One aspect deserves notice at this stage. The material date with reference to which the question whether the particular asset (land) which has been sold is agricultural land or not, is to be decided with reference to the date of sale. In other words, in order to entitle the assessee to earn the exemption, it is not enough to allege or show that the land was once agricultural land, at the time of acquisition. The assessee should further prove that it was agricultural land at the time of transfer. [See Wilfred Pereira Ltd. vs. CIT (1964) 53 ITR 747 (Mad) : TC20R.890 and Ranchhodbhai Bhaijibhai Patel vs. CIT (1971) 81 ITR 446 (Guj) : TC20R.514]. The fact that the assessee intended to use the land for agricultural purposes at the time of acquisition or as agricultural land is immaterial. The question is, at the time of transfer of the capital asset, was the land agricultural in character ? It must be so at the time of transfer. This crucial aspect has not been alleged, much less proved, by the assessee in these cases. The main thrust of the argument, even before us, was that the resolution of the board of directors dt. 11th Oct., 1949, would show that the assessee-company wanted to purchase the adjacent Vellarmala Estate, which was owned by a plantation company; and that itself will show that the “intention” was to use the land, after clearance, for agricultural operations. Even conceding for argument’s sake that the assessee acquired the adjacent extensive property, known as Vellarmala Estate, with an intention to use the same for agricultural operations, in the absence of plea and proof that the capital asset was agricultural lands at the time of transfer, the assessee will not be entitled to the exemption pleaded. The findings of the Tribunal to the effect that the assessee used the land merely to extract timber, that they did not plant any tree, that it was at all times a private forest and no development was effected therein, that no agricultural operations were carried on in the lands purchased, all will go to show that, at the time of transfer of the capital assets, it was forest land exigible to capital gains tax. The lands transferred were only forest lands containing trees of spontaneous growth and not agricultural lands.
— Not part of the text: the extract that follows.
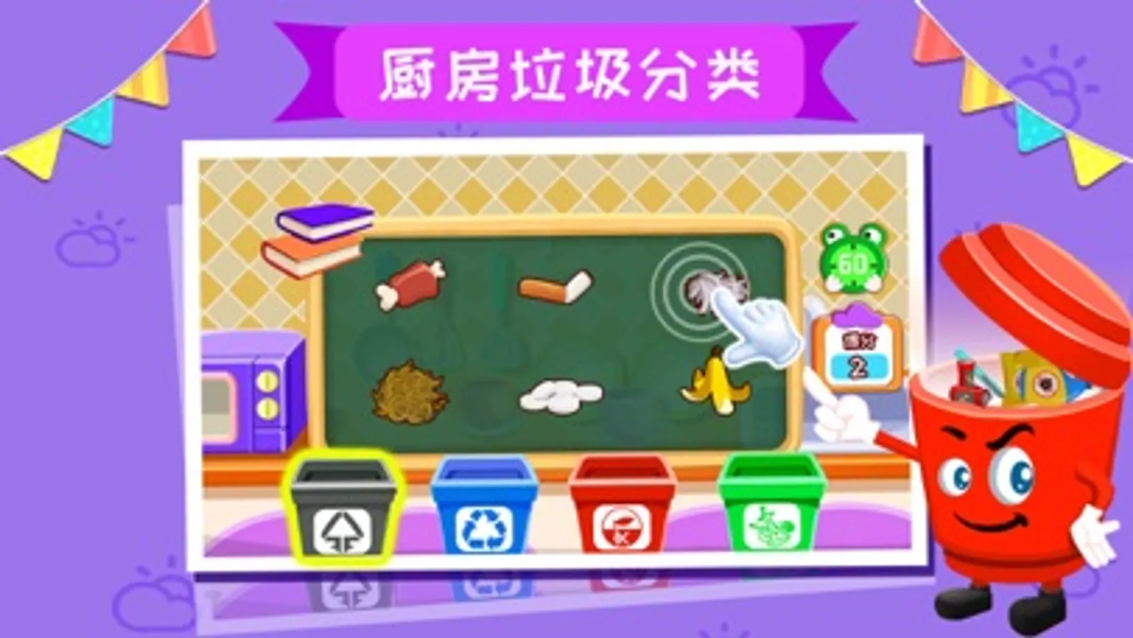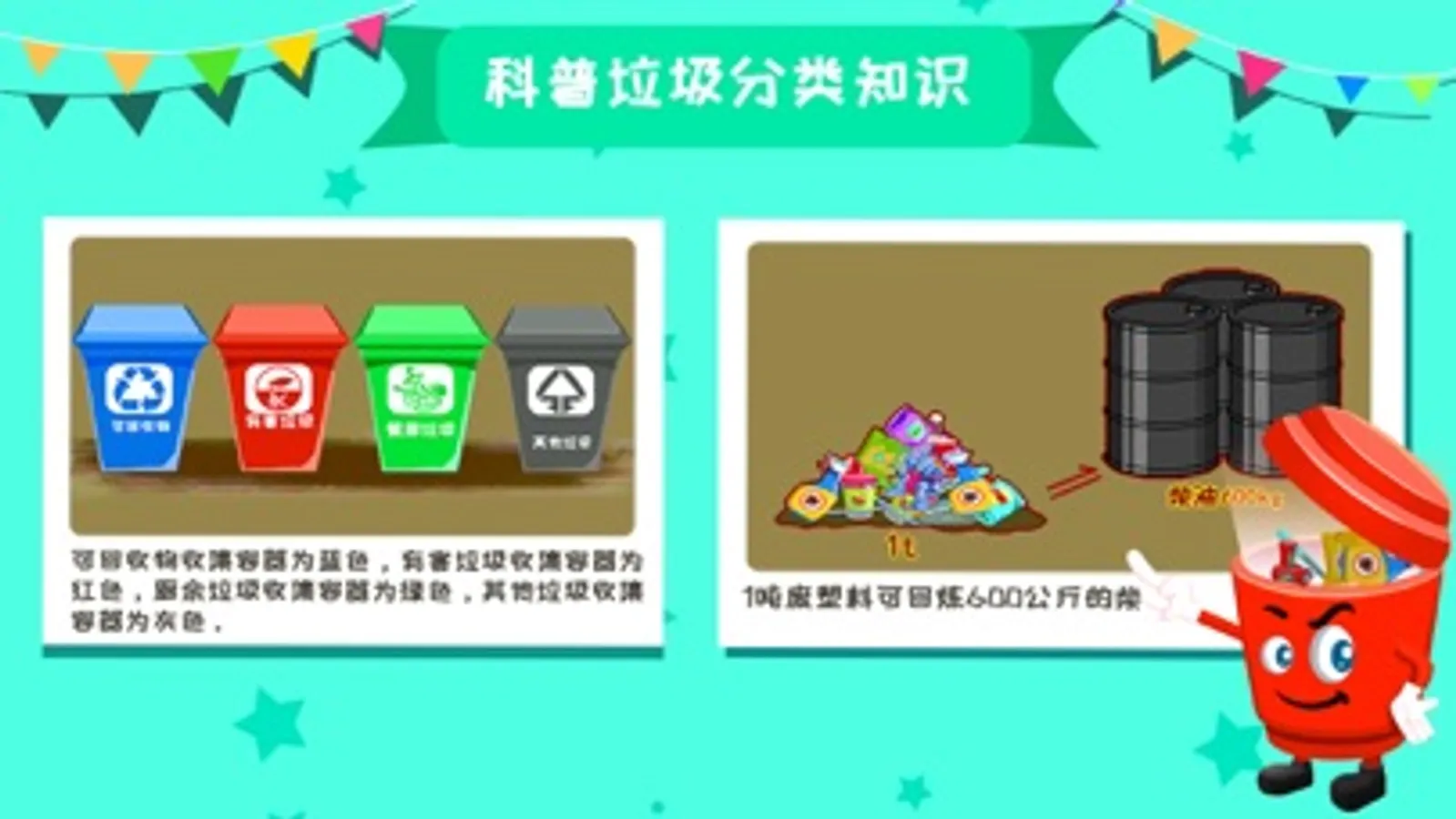 This software covers the complete encyclopedia of textbooks and materials for garbage classification. The content is vivid and interesting, so that children can easily learn to clean and sort garbage when playing games, help parents clean up household garbage, understand the benefits of waste recycling, and help them develop the interest of good habit of housework, love tidying up and cleaning.

In the light of the above reasoning, we have no hesitation to hold that the Tribunal was justified in holding that the transfer of the capital assets (sale of lands) attracted capital gains tax, since they were not proved to be agricultural lands at the time of transfer of the said capital assets.

We answer the questions referred to us, in all the three cases, in the affirmative, against the assessee and in favour of the Revenue.